PolicyRule v1 rbac.authorization.k8s.io

Field	Description
`apiGroups` string array	APIGroups is the name of the APIGroup that contains the resources. If multiple API groups are specified, any action requested against one of the enumerated resources in any API group will be allowed.
`nonResourceURLs` string array	NonResourceURLs is a set of partial urls that a user should have access to. *s are allowed, but only as the full, final step in the path Since non-resource URLs are not namespaced, this field is only applicable for ClusterRoles referenced from a ClusterRoleBinding. Rules can either apply to API resources (such as “pods” or “secrets”) or non-resource URL paths (such as “/api”), but not both.

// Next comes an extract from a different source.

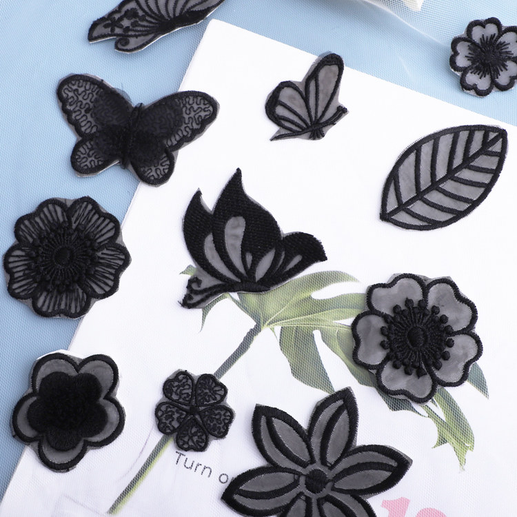 自粘黑色蕾丝布贴补丁贴刺绣贴花欧根纱免缝羽绒补洞装饰百搭蚊帐
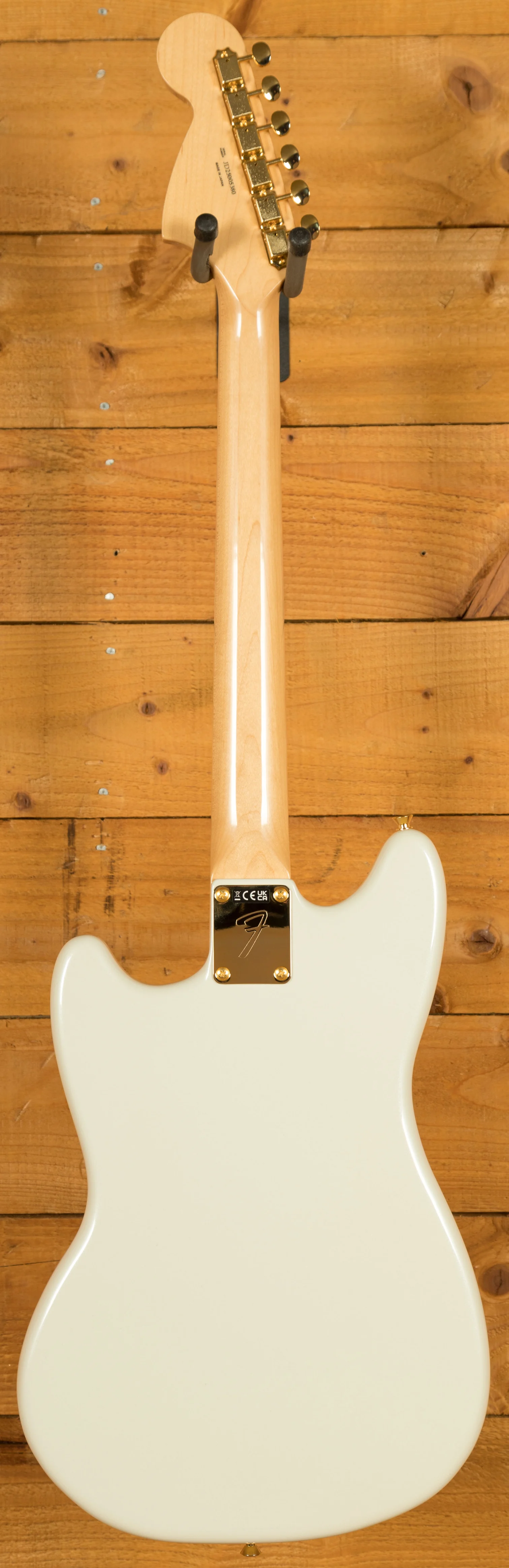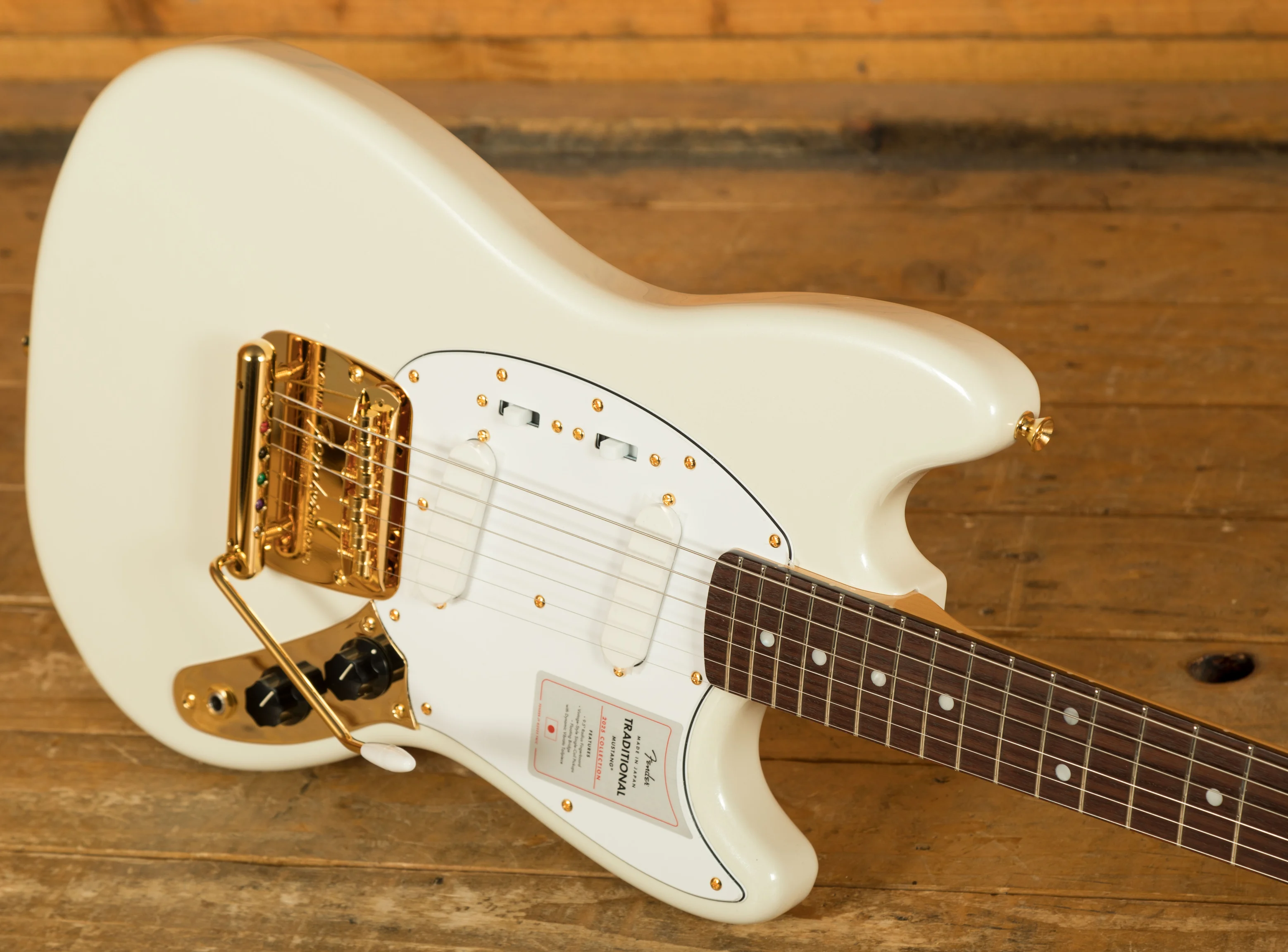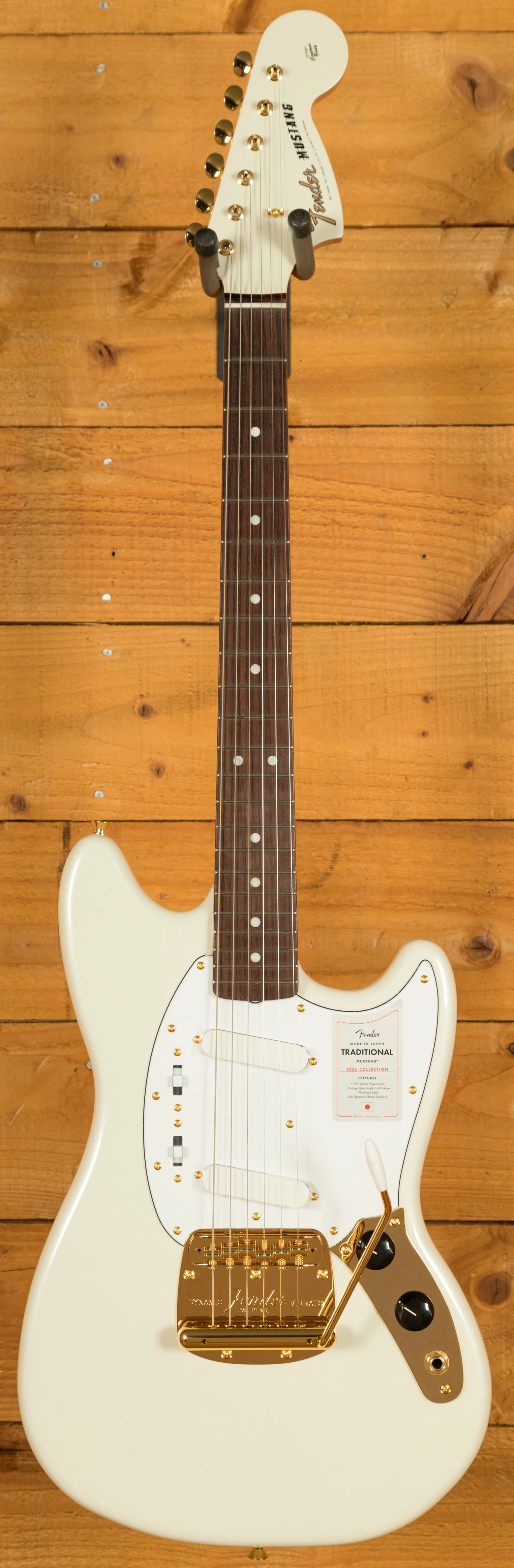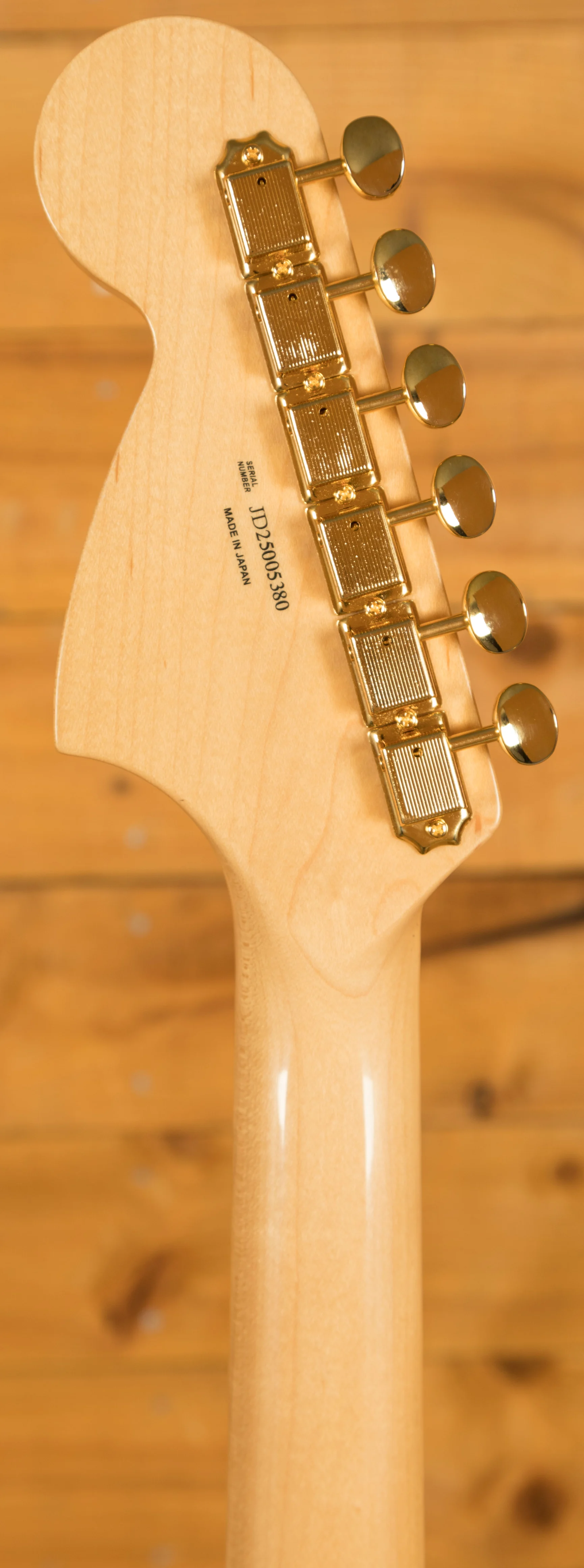 The 2025 Made in Japan Traditional 60s Mustang in White Pearl is a standout reissue that captures the quirky charm of Fender's original short-scale offset, now with refined Japanese craftsmanship and a luxurious aesthetic twist. This limited-edition model features a pearl-coated body and matching headstock, paired with gold hardware for a look that's both elegant and unmistakably rare.

`resourceNames` string array	ResourceNames is an optional white list of names that the rule applies to. An empty set means that everything is allowed.
`resources` string array	Resources is a list of resources this rule applies to. ResourceAll represents all resources.
`verbs` string array	Verbs is a list of Verbs that apply to ALL the ResourceKinds and AttributeRestrictions contained in this rule. VerbAll represents all kinds.